В самом деле, — думал Гриша, — за что я ее обидел? Она ведь такая хрупкая, эта Виля Твангсте, такая светлая! Я ведь звал ее на Новолетний. А что потом? Рафалчинская права. Я не имею права на то, чтобы считать всех немцев плохими. Я виноват. Виноват. Надо бы извиниться. Нет! Не надо бы, а просто — надо.
План того, как бы попасть в лазарет, сложился в его голове мгновенно. Повезло, что на следующий день он должен был играть за "Булат" против вечно опаздывающего "Уралмага".
Гриша был готов на коленях благодарить отбивалу "Уралмага" Юрку Татищева, который метко послал в его сторонц бладжер. Треск, падение, сломанная в двух местах рука — просто блеск!
Медсестра тетя Даша заковала Гришину руку в простецовый лонгет, напоила Костеростом и обезболивающим (это имело смысл; Гриша на своем опыте убедился, что кости сращивать неприятно, еще в третьем классе), после чего он отправился к Виле в палату.
В коридоре Гриша столкнулся с Андрюсом. Тот по случаю выходного дня был не в форме, а в джинсах и свитере бежевого цвета. Андрюс поднял бровь а-ля мистер Хиггинс(правда, тогда Гриша еще этого не знал), пристально посмотрел Грише в глаза, но посторонился. Гриша повернул за угол и застыл.

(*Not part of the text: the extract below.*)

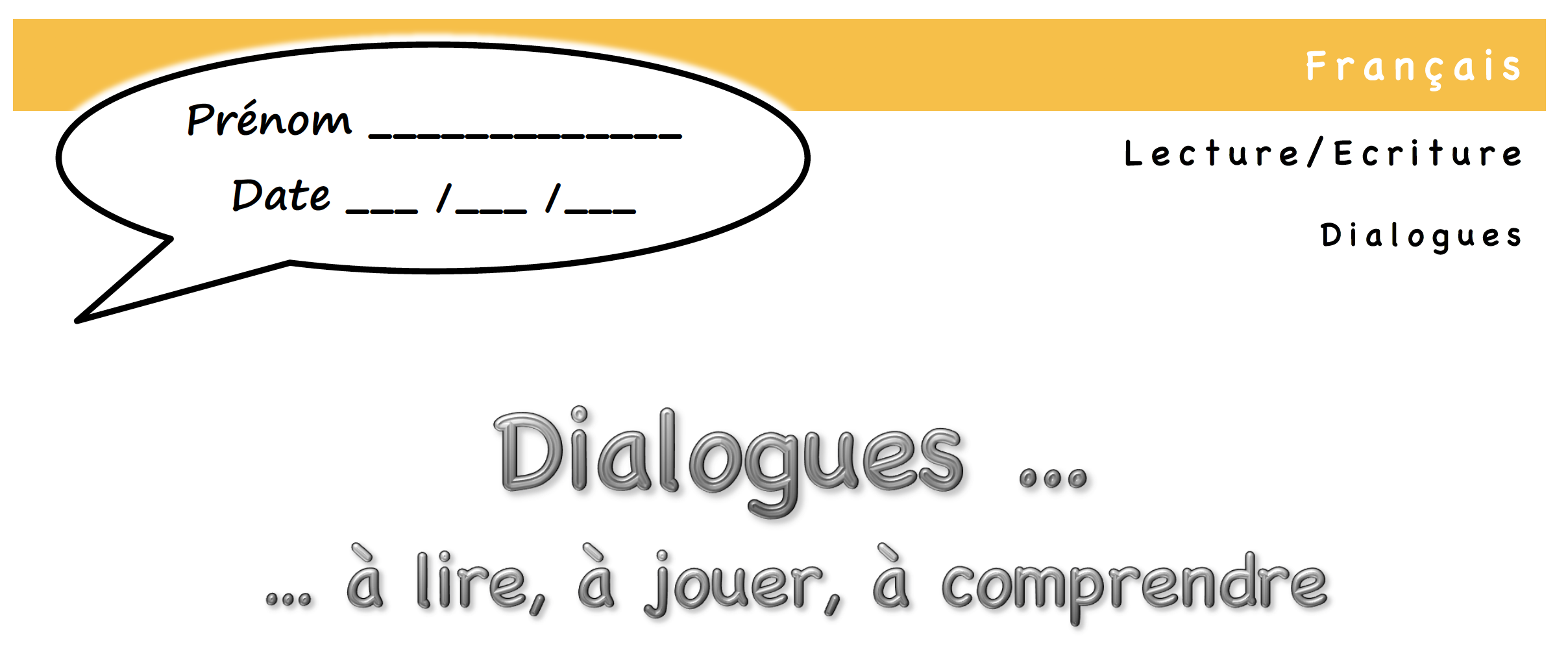 Si le dialogue n'est pas au programme "tout seul", il fait partie intégrante des écritures de récits (conte, conte merveilleux, récit d'aventure, ...). Ce document présente ses carqactéristiques et modalités principales à partir de lecture et/ou de jeux théâtraux.

Дверь в Вилину палату была открыта. Виля сидела на кровати, накрыв плечи суконной мантией, и что-то писала в тетради. Наконечник пера поблескивал золотом в солнечном свете, лившимся из фальш-окна.
— Вильгельмина? — окликнул ее Гриша.
Виля отложила ручку в сторону, заложила нужную страницу и закрыла тетрадь. Потом медленно подняла глаза и машинально потерла переносицу.
— Волжский? — произнесла она. Потом увидела руку в лонгете и попаталась вскочить: — Что у тебя с рукой?
— Сиди, — удержал ее Гриша. — Просто упал. Кажется, в экипировку квиддичиста пора включать парашют.
Она тихо хмыкнула.
— Можно мне сесть? — спросил Гриша.
— Посмотрите, какой джентльмен! — с горечью проговорила Виля. — В октябре ты таким не был, Гриша.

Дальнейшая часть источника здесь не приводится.